Let’s break down the regular expression, (\(\d+\)|\d+)-\d+-\d+.

  • First, we have the group (\(\d+\)|\d+). (you can tell this is a group because it’s surrounded by plain round brackets).
    • This group has an alternation, as shown by the pipe character ( | ). This alternation will either accept \(\d+\), or \d+.
      • As we mentioned in the previous lesson, \(\d+\) first matches an open bracket (, then any digit one or more times, and then a closed bracket ).
      • \d+ just matches any digit one or more times.
    • After the group, the rest of the query is the same as before. We look for a -, followed by one or more digits, followed by a -, and finally any number of digits.

You may have also noticed that the valid part of “(123-456-7890” was accepted. This may or may not be fine depending on your usage case. For us, it’s a valid case since it only matches the valid portion of the phone number.

Capture Groups

Some implementations of RegEx allow for “capture groups”. In languages like Python and Javascript, you can use capture groups to “capture” pieces of your search query. Any captured text is then saved to some sort of data (variable or otherwise), allowing you to use or manipulate that text as part of a program.

In RegEx101, you can see the captured groups in the “Match Information” tab on the right hand side.

Search Query: .*?_(.*?)_.*?\.jpg
Test String:

NAME_2024-01-01_001.jpg

The entire file name is matched, but only '2024-01-01' is captured by the capture group.

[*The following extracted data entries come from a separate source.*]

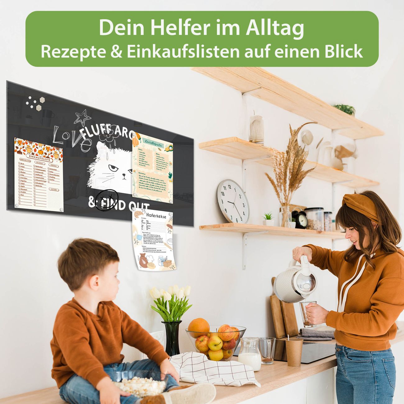 Auf der glatten Glasoberfläche lassen sich Termine, Rezepte oder Notizen ganz einfach mit Kreidestiften festhalten und rückstandslos entfernen. Starke Neodym-Magnete halten Ihre wichtigsten Erinnerungen sicher an Ort und Stelle. So entsteht Ihre ganz persönliche Ideenwand - jeden Tag neu.
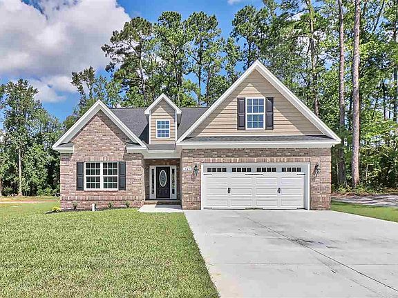 Custom All brick 4 bedroom/3 bath home located on a large 2 acre home site in the desirable Aynor community. Large Premium Lot with natural rear privacy buffer of mature southern pines and hardwoods.This Palmetto home plan features a spacious great room, 9’ flat ceilings, granite island kitchen, large bedrooms, multiple storage closets, laminate wood flooring, and a sprawling rear lawn. In addition to the granite counter tops, this upgraded kitchen features all stainless appliances, solid wood 5-piece cabinetry, with soft close dove-tailed drawers and doors. Enjoy your meals at the spacious island or at the breakfast nook. The large master bedroom and bath features a garden soaking tub, over-sized shower, high-quality brass body delta valves and faucets, granite vanity tops, double sinks, and two enormous master walk-in closets. Exterior features include a carriage style automatic garage door with glass window for natural light, quiet belt drive garage door opener, and maintenance free vinyl shake gables and dormers, brick soldier course and quoined corners, over-sized concrete double drive, entry sidewalk, and more! Call today to view this lovely home!
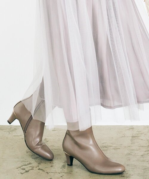ヒールのきらりと光るメタルパーツが上品な印象のショートブーツ。 【デザイン】 すっきりとした優しいアーモンドトゥのデザインショートブーツ。 センターの切り替えをデザインし、すっきりキレイめな印象に仕上げました。 トレンド感のある少し長めの筒丈16.5cmのコーディネイトしやすい丈感と上品な印象の約6cmヒールで大人っぽく使えるショートブーツです。 クッションをしっかりと敷いたインソールに、内側にはジャージ素材を使用して足あたりも優しく、滑りにくいアウトソールを使っているのが嬉しいポイントです。 Sサイズ:22.5cm~23.0cm相当 Mサイズ:23.0cm~23.5cm相当 Lサイズ:24.0cm~24.5cm相当 ※014カラーの裏地のみ、サンプルのため本生産とカラーが異なります。内側はダークブラウンのカラーになります。 店舗へのお問い合わせ商品番号:769-17013 ●製品寸法: 30(23.0cm):ヒール高5.5cm 幅7.7cm ブーツ筒周り23.7cm ブーツ総丈20.6cm 35(23.5cm):ヒール高5.5cm 幅7.9cm ブーツ筒周り24.0cm ブーツ総丈20.9cm 45(24.5cm):ヒール高5.6cm 幅8.3cm ブーツ筒周り24.6cm ブーツ総丈21.5cm 備考:重量:サンプルサイズ45(24.5cm)片足約255g
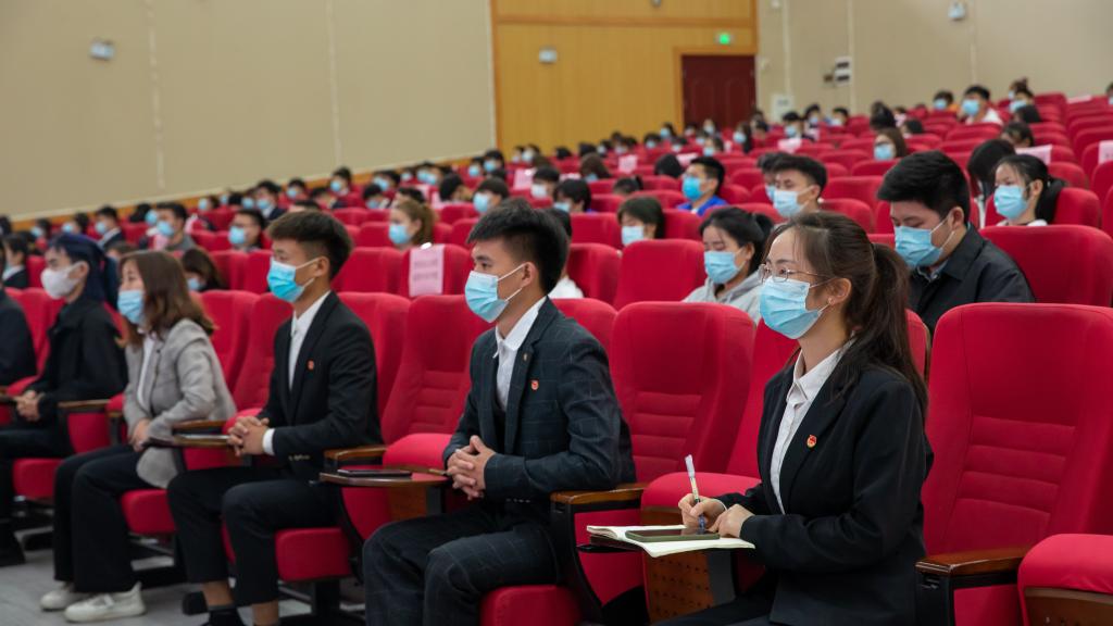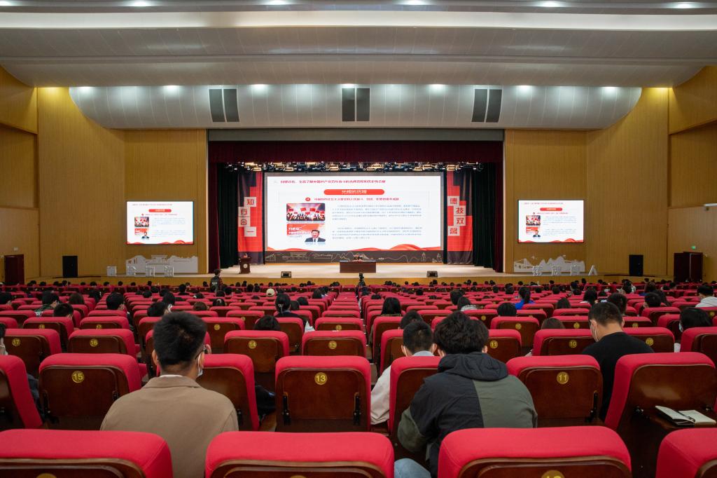 为庆祝中国共产党成立100周年,深入学习贯彻习近平新时代中国特色社会主义思想,推动全省党史学习教育各项工作扎实开展,在全省广泛营造“学党史、悟思想、办实事、开新局”的浓厚氛围。按照省委党史学习教育领导小组办公室统一安排,4月28日下午,省委宣讲团成员、贵州开放大学(贵州职业技术学院)党委书记王爱华,在贵州交通职业技术学院大礼堂开展首轮党史专题宣讲。贵州交通职业技术学院党委领导班子成员、党史学习教育领导小组办公室人员、中层干部、各系部师生代表以及职教城10所高职院校师生代表共计440人参加,本次专题宣讲由贵州交通职业技术学院党委副书记、院长吴有富主持。
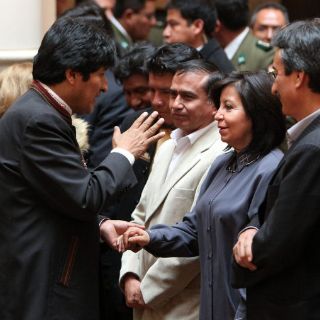 LA PAZ, BOLIVIA (24/ENE/2011).- El presidente de Bolivia, Evo Morales, cambió a tres de sus 20 ministros, entre ellos al de Hidrocarburos, a quien exigió solucionar la crisis por la baja producción petrolera, durante un acto oficial realizado en la sede de Gobierno.

An example of when this could be useful is if you’re trying to make a program that searches through a big list of files. You can iterate over every file name and try to search for a key piece of information in its name, like the date or file type. In the picture above, we captured the date information part of the file name. If we only wanted to process files within a specific date range, we can compare this captured date value to the date range we want.

Showing this in use is out of the scope for this module, but you can usually find a lot of information online by searching for “____ regex” or “____ regular expression”.

Ignoring Captures

Sometimes, you’ll want to use groups without capturing the content. To ignore the content, add ?: after the first bracket.

Search Query: .*?_(?:.*?)_.*?\.jpg

The entire file name is matched, and there is no captured content

Nesting Capture Groups

Rarely, you might also need to nest capture groups together. The process for this is the exact same.

Search Query: .*?_((\d+)-.+)_.*?\.jpg

The entire file name is matched, with '2024-01-01' captured in the first capture group, and '2024' caputred in the second capture group.

Key Points / Summary

  • Alternation can be used to specify various patterns.
  • Groups allow for the creation of more complicated search queries.
  • You can use capture groups in some programs to extract information from search matches.